Shortly after midnight I woke Tim up and told him that I needed to go to the hospital IMMEDIATELY because I didn't want to have the baby in the car. He grabbed Ben and our hospital bags and we drove to the hospital, which was, thankfully, three minutes from the house. You have no idea how long a three minute drive can be until you're in labor.
(This is how fast Sammy came: Ben was there for the whole thing, because it took less time to have Sammy than it took for our wonderful friend Emily, the saint, to come and get Ben. He actually met his brother before leaving to spend the night at our friends' home.)
At the emergency room, the man at the check-in station asked me if I was there to be induced. Between my extremely-close-together contractions I managed to tell him that no, there was no need to be induced because I was actively going to have a baby in front of him if someone didn't take me to the maternity ward immediately, thank you. I am not familiar with this middle-of-night induction you speak of, sir.
Everything from this point on is a blur. I was wheeled to the maternity ward, where there is a sort of "holding area" for people who aren't pushing out babies at the moment, and then there are rooms where you go to actually deliver, if you're lucky. (Apparently, that same day, another woman had her baby in a chair in a downstairs waiting room because she'd waited too long to come in.)

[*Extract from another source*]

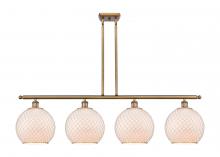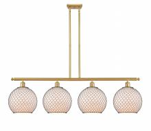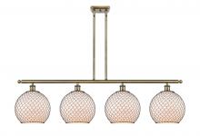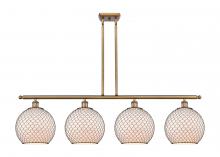 Large Farmhouse Chicken Wire 4 Light Island Light part of the Ballston Collection Solid Brass 90 Degree Hang Straight Swivels for Sloped Ceilings Included
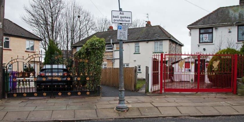 Nella periferia di Liverpool, città nota per la succitata passione per il calcio, due vicini di casa hanno voluto chiarire a tutto il vicinato la propria fede calcistica in un modo sui generis. Due abitazioni e due cancelli, proprio l’ingresso dei questi cancelli è decisamente particolare. Su di uno, quello rosso, troviamo la scritta You’ll Never Walk Alone, chiaro riferimento ai Reds, mentre sull’altro il motto dei Toffies, Nil Satis Nisi Optimum.

I remember screaming, and someone telling me to please stop screaming, and me wanting to tell her that I would scream if I wanted to and literally no one was going to stop me.
I asked for an epidural and someone asked "do you feel like pushing?" and I lied and said "I don't know" because if I had said "YES, OBVIOUSLY" then I would not have gotten those sweet, sweet drugs. (Also please note that I am terrible at lying, so the extremely non-committal "I don't know" was the best I could manage.) I have no idea how I held still long enough to get the epidural, but I did. That is the power of experience, my friends.
By 2:15 am, there was Sammy. The doctor only made it in time, he said, because all of the lights had been green.
With Ben, I got my epidural and didn't have the baby until nearly ten hours later. With Sam, I got the epidural and had the baby within approximately 20 minutes. The drugs hadn't even fully kicked in yet. I remember telling the doctor, "I can feel that," while I got my stitches after Sam had already been born and was laying on my chest. However, thanks to the wave of post-baby happiness hormones, I remember thinking it was sort of funny.
In case you're unfamiliar - after a baby is born, a whole flurry of activity takes place. If you're lucky and things go as planned and you're in a "baby friendly" hospital, they put the baby on your chest and it feels, suddenly, like your heart is the very still and focused center of a hurricane. All around you, people are checking your vitals, cleaning things up, putting the bed back together, putting your body back together, bringing things in, and taking things out. But it all happens in a blur at the corner of your vision. There are sounds, but you can't hear them. There is this tiny, helpless, perfect little person who you can't stop looking at, touching, kissing, and wondering over.
At some point, the hurricane of people just disappears. Tim sat next to me, somehow more exhausted than I was, and we just sat and looked at Sammy for an hour, maybe two hours, I have no idea, before the nurses finally came to take his measurements and help me to the recovery room. And then we slept, and that was it.
I had a normal day. I had a baby in the middle of the night, and the day after, I went home. My reward for this very little bit of effort is this fat, sweet, easy, happy baby. I've never gotten such a good deal in my life.